Advanced14 min
Send API & Map-Reduce
Send() creates dynamic parallel branches at runtime — each gets an isolated state copy, not the full graph. This article covers when to choose Send() over simpler alternatives, how to pair it with @defer for correct map-reduce, the modern Command(goto=[Send(...)]) pattern, and the failure modes that appear in production before they appear in tutorials.
Quick Reference
- →Send(node_name, arg): spawn an isolated execution of node_name with arg as its entire input state — arg is NOT merged into the parent graph state
- →Return a list of Send() objects from a conditional edge function to fan out to N parallel branches at runtime
- →Each Send() branch gets only its arg dict — branches cannot read each other's state or parent state keys during execution
- →Reducer (e.g., Annotated[list, operator.add]) on the parent state key collects each branch's return value back into the parent
- →@defer on the reduce node guarantees it waits for ALL branches to complete — without it, the reducer may fire after the first branch finishes
- →Command(goto=[Send(...)]) is the modern edgeless pattern — dispatch Send from inside a node, no conditional edge function needed
- →Batch: group N items into M groups, Send() M times — controls parallelism without overwhelming your API rate limit
- →Cost math: N Send() branches × cost-per-LLM-call.
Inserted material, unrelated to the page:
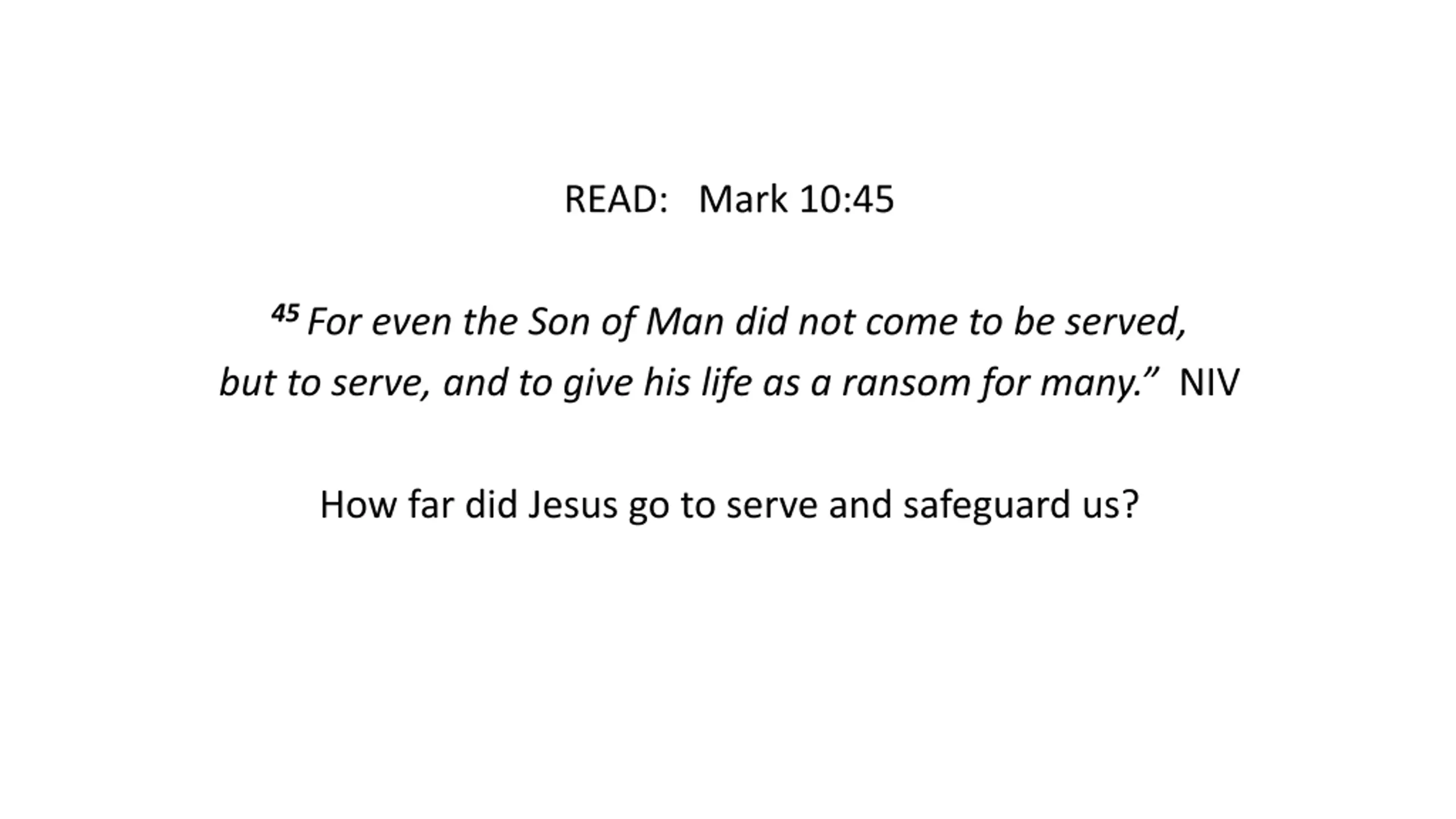 READ: Mark 10:45 45For even the Son of Man did not come to be served, but to serve, and to give his life as a ransom for many. NIV How far did Jesus go to serve and safeguard us?

Wall-clock time = max(branch durations), not sum.
Should I Use Send()?
Choose Send() when branch count is dynamic and per-branch checkpointing or retry matters
| Approach | When to use | Trade-off |
|---|---|---|
| for loop (sequential) | < 5 items, or order matters between iterations | Simple. No parallelism. Wall-clock time = sum of all calls. |
| asyncio.gather inside a node | Parallel LLM calls where checkpointing is not needed | Fast, low overhead. No per-branch retry or LangSmith branch tracing. |
| Static parallel edges | Fixed number of branches known at graph build time | Explicit, visible in graph visualization. Branch count cannot vary at runtime. |
| Send() | Branch count determined at runtime; each branch needs isolated state; per-branch checkpointing or retry matters | Full graph integration: superstep-checkpointed, retryable, observable in LangSmith. Higher scheduling overhead than asyncio.gather. |
Start with asyncio.gather — graduate to Send() when you need graph-level guarantees
asyncio.gather inside a single node is simpler and faster for parallel LLM calls that don't need per-branch checkpointing or retry. Upgrade to Send() when the branch count varies at runtime, you need each branch's result independently checkpointed, or you want LangSmith branch-level tracing.